● **Data under study**
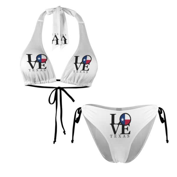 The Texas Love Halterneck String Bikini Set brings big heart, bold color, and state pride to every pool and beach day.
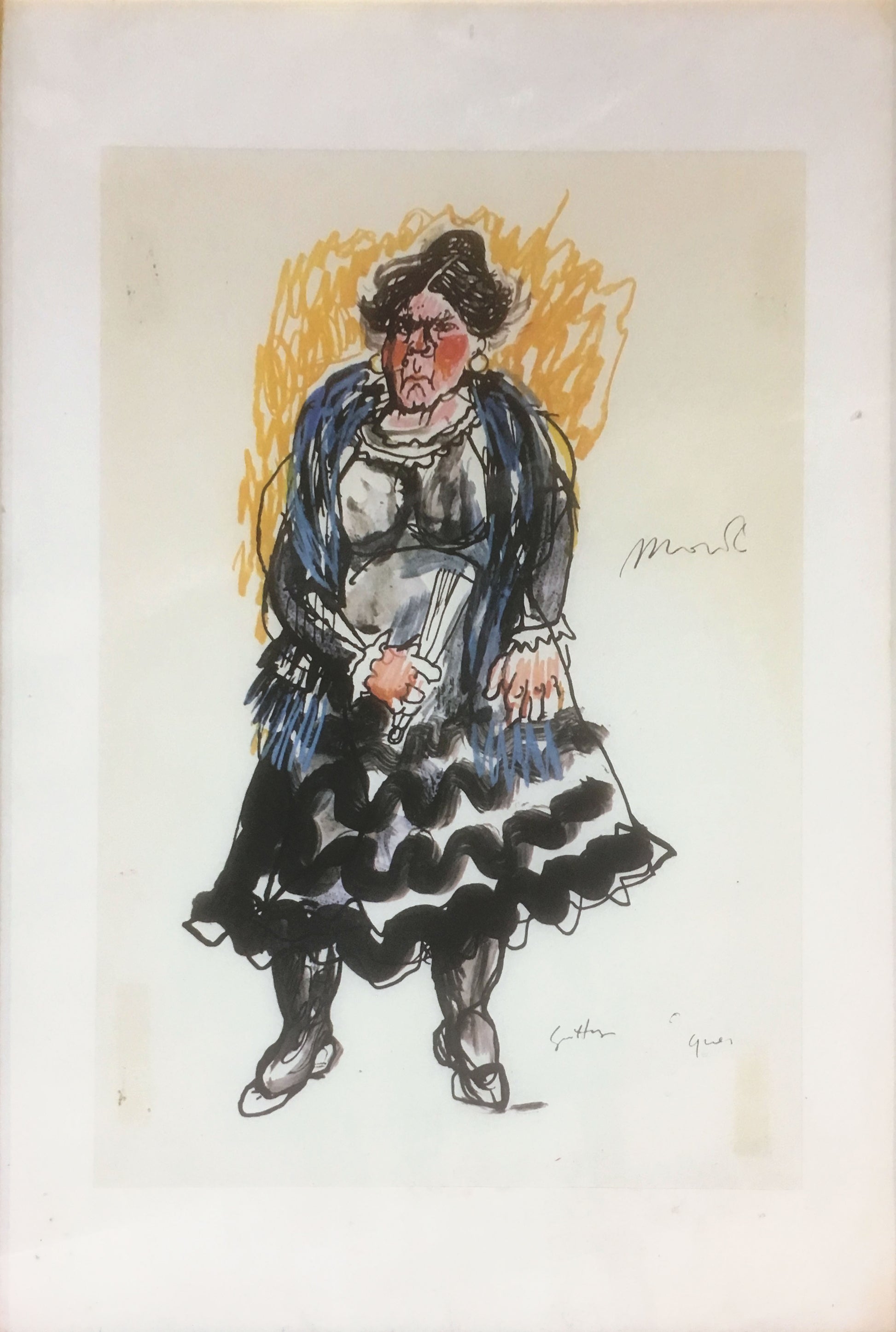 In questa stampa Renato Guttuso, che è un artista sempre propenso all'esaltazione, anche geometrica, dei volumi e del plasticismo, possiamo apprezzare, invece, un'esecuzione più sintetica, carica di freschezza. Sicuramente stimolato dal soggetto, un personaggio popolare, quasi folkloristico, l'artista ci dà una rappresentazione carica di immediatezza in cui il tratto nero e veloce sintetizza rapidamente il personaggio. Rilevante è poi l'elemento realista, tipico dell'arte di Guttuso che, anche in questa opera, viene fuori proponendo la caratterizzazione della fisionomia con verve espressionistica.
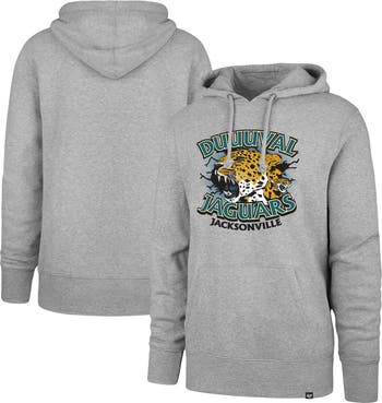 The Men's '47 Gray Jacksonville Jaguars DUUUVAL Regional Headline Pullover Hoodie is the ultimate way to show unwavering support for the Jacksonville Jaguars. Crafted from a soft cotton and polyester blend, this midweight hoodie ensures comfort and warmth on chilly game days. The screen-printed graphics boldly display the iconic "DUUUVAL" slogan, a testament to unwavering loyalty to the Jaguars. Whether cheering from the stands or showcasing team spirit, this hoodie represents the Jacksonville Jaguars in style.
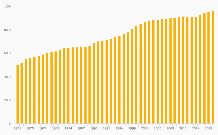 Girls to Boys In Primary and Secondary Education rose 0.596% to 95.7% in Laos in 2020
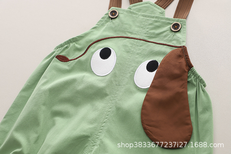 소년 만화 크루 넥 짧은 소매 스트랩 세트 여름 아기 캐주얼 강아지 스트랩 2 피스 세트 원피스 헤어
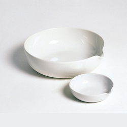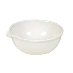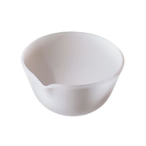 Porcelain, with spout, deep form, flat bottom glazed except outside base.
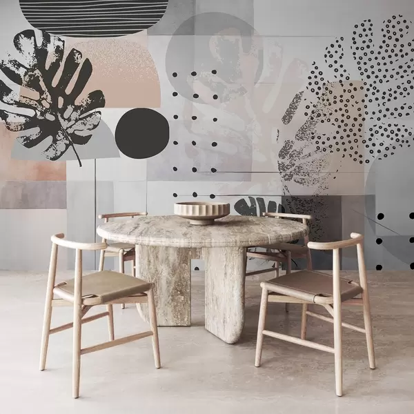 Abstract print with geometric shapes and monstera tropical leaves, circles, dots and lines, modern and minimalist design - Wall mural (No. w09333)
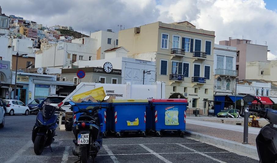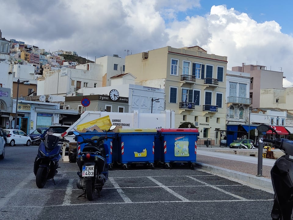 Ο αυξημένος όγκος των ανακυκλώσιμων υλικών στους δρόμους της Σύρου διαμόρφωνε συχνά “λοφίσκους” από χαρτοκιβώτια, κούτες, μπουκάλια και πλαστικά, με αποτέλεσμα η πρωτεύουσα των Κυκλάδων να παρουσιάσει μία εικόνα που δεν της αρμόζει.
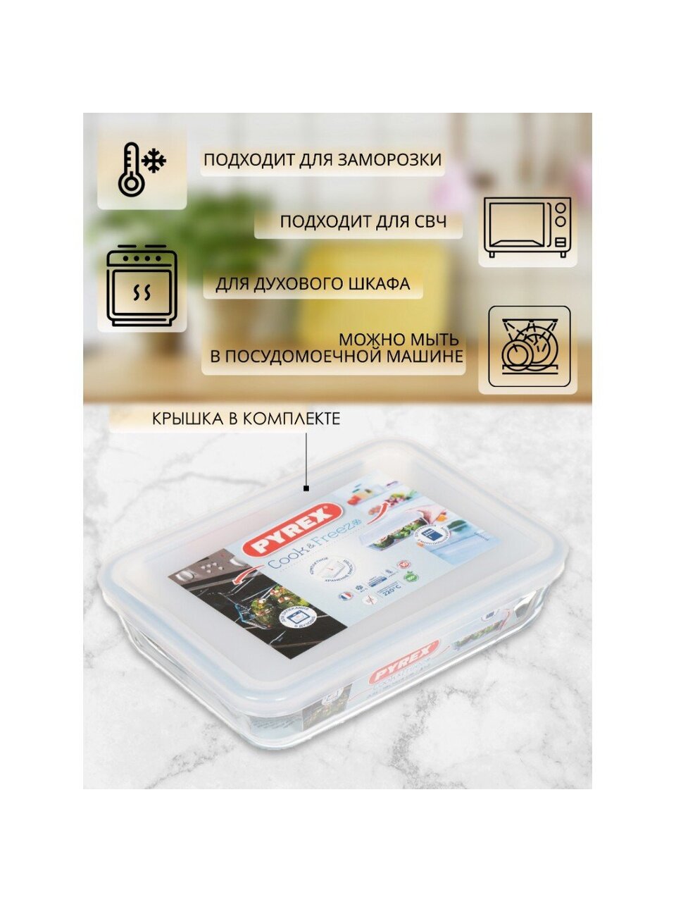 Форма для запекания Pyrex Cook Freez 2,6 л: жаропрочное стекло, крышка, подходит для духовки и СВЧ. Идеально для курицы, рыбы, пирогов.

● **What you have to do**
Reproduce the data above line for line, excluding every picture.

● **Problem solution**
 The Texas Love Halterneck String Bikini Set brings big heart, bold color, and state pride to every pool and beach day.
 In questa stampa Renato Guttuso, che è un artista sempre propenso all'esaltazione, anche geometrica, dei volumi e del plasticismo, possiamo apprezzare, invece, un'esecuzione più sintetica, carica di freschezza. Sicuramente stimolato dal soggetto, un personaggio popolare, quasi folkloristico, l'artista ci dà una rappresentazione carica di immediatezza in cui il tratto nero e veloce sintetizza rapidamente il personaggio. Rilevante è poi l'elemento realista, tipico dell'arte di Guttuso che, anche in questa opera, viene fuori proponendo la caratterizzazione della fisionomia con verve espressionistica.
 The Men's '47 Gray Jacksonville Jaguars DUUUVAL Regional Headline Pullover Hoodie is the ultimate way to show unwavering support for the Jacksonville Jaguars. Crafted from a soft cotton and polyester blend, this midweight hoodie ensures comfort and warmth on chilly game days. The screen-printed graphics boldly display the iconic "DUUUVAL" slogan, a testament to unwavering loyalty to the Jaguars. Whether cheering from the stands or showcasing team spirit, this hoodie represents the Jacksonville Jaguars in style.
 Girls to Boys In Primary and Secondary Education rose 0.596% to 95.7% in Laos in 2020
 소년 만화 크루 넥 짧은 소매 스트랩 세트 여름 아기 캐주얼 강아지 스트랩 2 피스 세트 원피스 헤어
 Porcelain, with spout, deep form, flat bottom glazed except outside base.
 Abstract print with geometric shapes and monstera tropical leaves, circles, dots and lines, modern and minimalist design - Wall mural (No. w09333)
 Ο αυξημένος όγκος των ανακυκλώσιμων υλικών στους δρόμους της Σύρου διαμόρφωνε συχνά “λοφίσκους” από χαρτοκιβώτια, κούτες, μπουκάλια και πλαστικά, με αποτέλεσμα η πρωτεύουσα των Κυκλάδων να παρουσιάσει μία εικόνα που δεν της αρμόζει.
 Форма для запекания Pyrex Cook Freez 2,6 л: жаропрочное стекло, крышка, подходит для духовки и СВЧ. Идеально для курицы, рыбы, пирогов.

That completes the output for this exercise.